Sister wins Olympic Bronze - Olympic Committee shuts up athletes

First of all, congratulations sister and Team Finland for Olympic Bronze medal! That was an awesome job you did in women's hockey at Vancouver. There are couple of things that made this very special for Terhi:
  • she was dropped off (for some reason that I don't really understand) from Finnish national team couple years ago and now she made an outstanding come back to international elite
  • she was participating Olympic games in Salt Lake City in 2002 and Torino in 2006, but never got a medal  - losing the Bronze medal game in these Olympics
  • she has been so determined, dedicated and focused into these Games in Vancouver, although she broke her finger just before Christmas - scaring her a while with a thought that she couldn't play in the Olympics
It has been very interesting to follow her closely and I'm sure that very few people in the audience really know what it takes before hand. They only see the best parts - the final result in the score board. I played around 50 games in first division, second level in Finland, long time ago, but I know it takes lots of sweat, blood and tears...Terhi has been one active (or perhaps the only one) Finnish athletes blogging during the Olympic games. 

Marmai.fi wrote (in Finnish) that it's a shame that Finnish athletes are not blogging. It's not a surprise because there has been contradictories from representatives of Team Finland. Reading Terhi's blog posts and tweets has made the whole hockey tournament and Olympics even more interesting. When I heard that there are rules for blogging, first I thought it was a good thing. After reading International Olympic Committee's blogging guidelines (pdf), I was stunned.
The more I think about it, the more angry I get.
You can read those guidelines for yourself, but to me it means that IOC is restricting athletes' freedom of speech. I give you a simple example: according to these guidelines, let's say two players in Team Finland, can't agree that they will do little video interview and put it online through a blog? I just don't understand why an earth these guidelines are so strict? 

IOC can't restrict spectators so why they are restricting athletes to communicate and interact with their fans? You can see thousands of tweets with hashtags like #olympics and #van2010. There are tons of links to photos and videos on site. People are creating buzz around this massive sport event and they are also linking to traditional media. The more buzz in social media - the more traditional media gets visitors. This should be a good thing also to Olympics brand - everybody wins, right?
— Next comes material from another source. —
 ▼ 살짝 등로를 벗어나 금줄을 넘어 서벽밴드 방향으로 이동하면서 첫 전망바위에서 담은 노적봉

I know that there should be some rules (for athletes), like there are rules in any sports. These social media rules can be good from privacy and copyright point of view. I totally understand that broadcasting during the individual sports events are dedicated to traditional media, but I don't understand why IOC is telling athletes what you can blog about and what's forbidden? 
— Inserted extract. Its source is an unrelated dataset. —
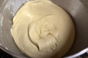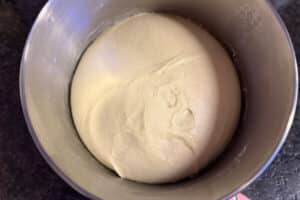 • Alle Zutaten für den Teig in eine Rührschüssel geben und mit den Knethaken der Küchenmaschine auf mittlerer Stufe 15 bis 20 Minuten ohne Unterbrechung kneten.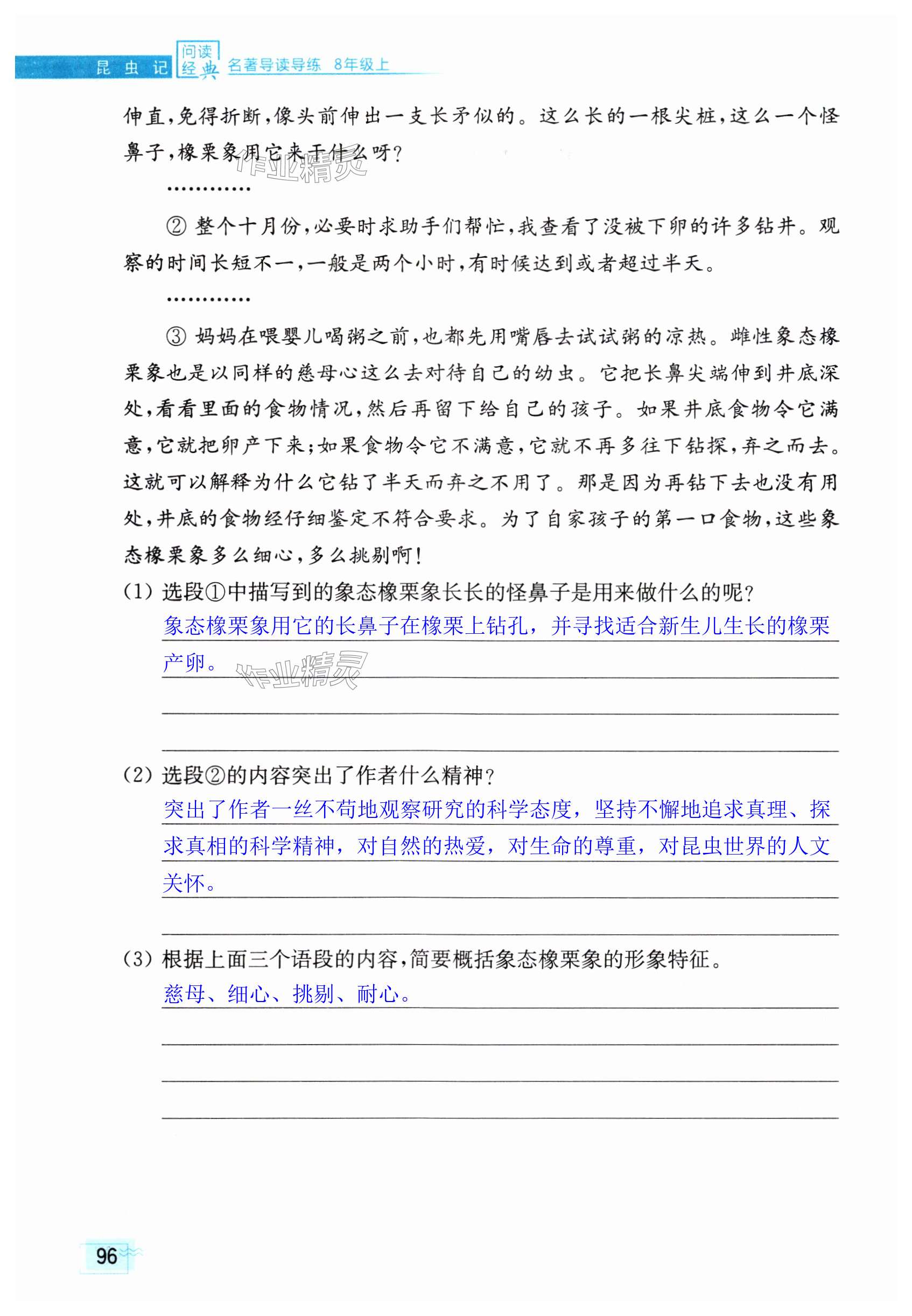 注:目前有些书本章节名称可能整理的还不是很完善,但都是按照顺序排列的,请同学们按照顺序仔细查找。练习册 2024年问读经典名著导读导练八年级上册人教版 答案主要是用来给同学们做完题方便对答案用的,请勿直接抄袭。

Is traditional media jealous or scared about athletes being reporters as well? Why IOC has to defend traditional media companies? How does these rules support goals of Olympic movement, Olympic spirit and basic human rights? Olympics in Vancouver were probably the first social media Games ever. I know, and it's a shame, that many athletes were scared of these guidelines and they decided not to blog at all. 

I really hope that IOC will relax these rules for the next Olympic games and we will get more more content (text, photos, videos) straight from original source, athletes themselves. Not just stories that reporters do...As usual, let me know what you think about this - are those rules restricting one of our basic right and does IOC has a right to even create these rules?